カルルは、魔力の魔石の上に右手を置き、魔石に大量の魔力を一気に送り込むと、飛空艇は衝撃と共に凄まじい速度で上空へと飛び出す。
飛空艇に乗る4人の体に何倍もの重力が加わると必死にそれを耐えながら夜空を駆けあがっていく飛空艇は、あっという間に高度5000mを超え、6000mを超え、さらに高度を上げていく。
「もうすぐ高度10000m。外気温は氷点下40度を超えているわよ」
アリスは飛空艇の探査と鑑定の魔石が復活したことを確認すると、魔石が示す飛空艇の状況を声に出して読み上げていく。
高度10000mに達した飛空艇は、先程とは打って変わり安定した状態になった。
そして4人の目の前には、飛空艇の映像が映し出されていて、そこには飛空艇の外壁に張り付いている10体以上の魔素蛭の姿があった。
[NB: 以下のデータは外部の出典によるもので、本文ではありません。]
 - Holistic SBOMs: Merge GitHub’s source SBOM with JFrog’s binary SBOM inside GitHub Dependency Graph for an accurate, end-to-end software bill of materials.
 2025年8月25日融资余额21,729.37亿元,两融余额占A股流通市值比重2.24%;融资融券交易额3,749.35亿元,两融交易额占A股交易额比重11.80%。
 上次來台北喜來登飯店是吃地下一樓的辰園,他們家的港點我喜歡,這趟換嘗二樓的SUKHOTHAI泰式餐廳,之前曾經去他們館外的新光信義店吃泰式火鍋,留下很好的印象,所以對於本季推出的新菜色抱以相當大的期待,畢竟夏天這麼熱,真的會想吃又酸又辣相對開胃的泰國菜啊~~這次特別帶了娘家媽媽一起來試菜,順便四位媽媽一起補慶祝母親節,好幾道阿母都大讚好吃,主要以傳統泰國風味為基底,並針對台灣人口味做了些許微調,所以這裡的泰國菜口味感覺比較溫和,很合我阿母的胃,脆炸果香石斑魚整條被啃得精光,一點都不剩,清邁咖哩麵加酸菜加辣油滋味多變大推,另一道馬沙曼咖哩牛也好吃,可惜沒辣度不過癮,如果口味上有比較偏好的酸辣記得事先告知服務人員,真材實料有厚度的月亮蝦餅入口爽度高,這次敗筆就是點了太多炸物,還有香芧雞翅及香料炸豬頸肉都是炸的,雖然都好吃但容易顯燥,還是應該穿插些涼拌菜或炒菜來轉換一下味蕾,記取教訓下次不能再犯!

「全て凍り付いて死んでるみたいね。蛭ってもっと小さいと思っていたけど、1体が人の腕くらいの大きさがあるのね。あの蛭に吸い付かれたら人の魔力なんてあっという間に吸い付くされそうね」
アリスは顔の前に映し出された飛空艇の状況を見てぞっとした表情を浮かべている。
魔素蛭は、氷付きながら徐々に飛空艇の外壁から剥がれていき、地上へと落下していく。
カルルの飛空艇は徐々に高度を落としながら陽が上り始めた明け方の空を飛んでいる。
すると飛空艇の横を1体の竜が飛んでいた。
その体を見ると先程までカルルの飛空艇に張り付いていた魔素蛭が何体も張り付いている。
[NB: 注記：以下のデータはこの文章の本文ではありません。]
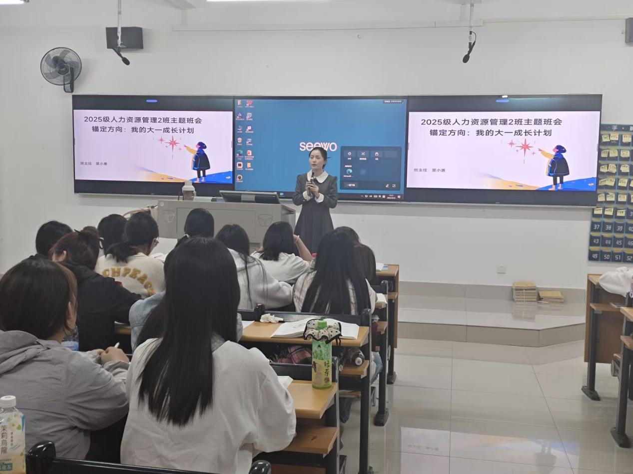 新闻网讯(通讯员 莫小惠) 金秋送爽启新程,逐梦青春正当时。为帮助2025级人力资源管理2班新生快速适应大学生活、明确成长目标、找准发展方向,2025年9月24日,以“锚定方向,我的大一成长计划”为主题的首次班会在3号教学楼323教室温情启幕。班主任莫小惠老师与全班35名新生齐聚一堂,共话成长、共绘蓝图,为崭新的大学生涯按下“启动键”。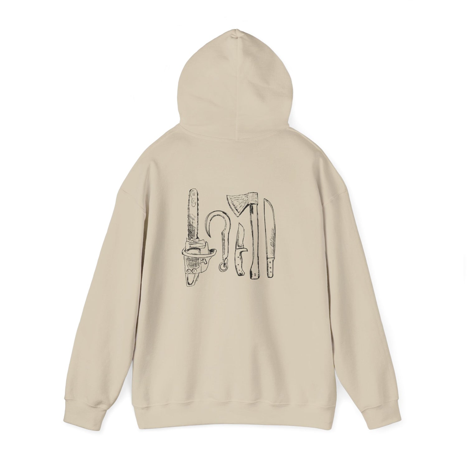 The Shudder Weapons Hoodie centers on the tools that define the genre. The back graphic assembles a lineup of iconic weapons rendered in a rough, hand‑drawn style, while a small SHUDDER logo on the chest keeps the front clean and restrained. Look closely and you might recognize a few of these tools from some of your favorite Shudder nightmares, pulled straight from moments that linger long after the credits roll.

「飛竜でも魔素蛭に張り付かれたら手に負えないみたいだね」
カルルの飛空艇と並んで飛んでいる飛竜は徐々に高度を下げて地上へと降りていく。
「多分、あの飛竜は魔力を吸いつくされて地上に落下していくんだろうけど、このベルラード大陸の中央部では、これが日常なんだろうね」
カルルの言葉に思わずゴクリと唾を飲み込むアリス、ハンド、パトリシアの3人であった。
今まで行ったどの場所にも、魔素蛭などというおぞましい魔獣を見たことのなかった4人は、この場所がいかに危険であるかを改めて思い知らされた。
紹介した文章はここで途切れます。